Appreciate any advice


----------



## SS06 (Apr 6, 2021)

Threaded inserts/ rivet nuts is how I have seen poling platforms, duck blinds, etc installed


----------



## bob_esper (Jun 3, 2021)

SS06 said:


> Threaded inserts/ rivet nuts is how I have seen poling platforms, duck blinds, etc installed


this is a great way to attach almost anything to an aluminum boat.


----------



## Seaturkey (10 mo ago)

SS06 said:


> Threaded inserts/ rivet nuts is how I have seen poling platforms, duck blinds, etc installed


So I don’t need to add in blocks or something behind? Is the thin layer of aluminum strong enough to support a platform with someone standing on it?


----------



## SS06 (Apr 6, 2021)

Seaturkey said:


> So I don’t need to add in blocks or something behind? Is the thin layer of aluminum strong enough to support a platform with someone standing on it?

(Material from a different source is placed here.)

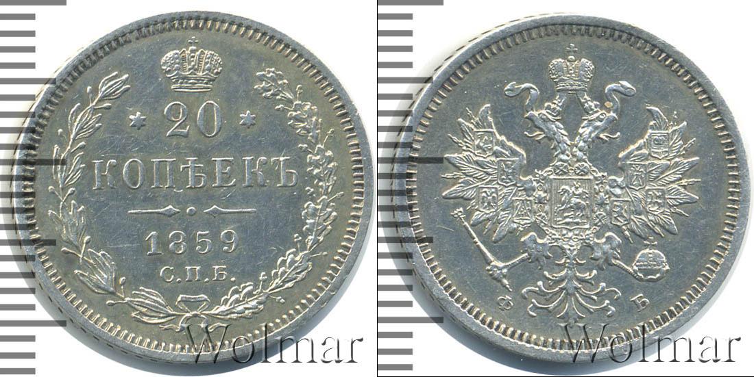 Санкт-Петербургский монетный двор. Биткин №# 881.160, тираж 3 960 005, Уздеников №# 1759. По каталогу Wolmar # 124/1. 20 копеек СПБ ФБ |
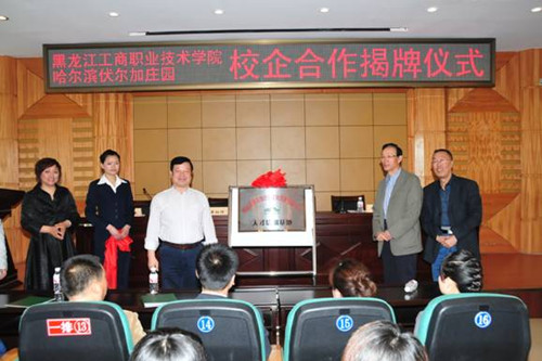 2011年5月24日是一个明媚的日子,旅游与人文艺术学院与风景如画的哈尔滨伏尔加庄园在我院举行了隆重的校企合作揭牌仪式。出席本次揭牌仪式的有黑龙江工商职业技术学院刘公远副院长、旅游与人文艺术学院邓剑平院长、哈尔滨伏尔加庄园董事长黄祖祥先生、东建集团企划部经理王占君先生等。揭牌仪式由旅游与人文艺术学院李勇民副院长主持。

We didn't when installing duck blinds, doubt it on platforms, the base supports it ...the rivet nuts hold it in place.
Bob_esper who responded to your thread appears to be a well versed aluminum guy based on his past post and contributions to the site....I'm sure he can add way more than I can


----------



## The Fin (Sep 28, 2021)

Seaturkey said:


> So I don’t need to add in blocks or something behind? Is the thin layer of aluminum strong enough to support a platform with someone standing on it?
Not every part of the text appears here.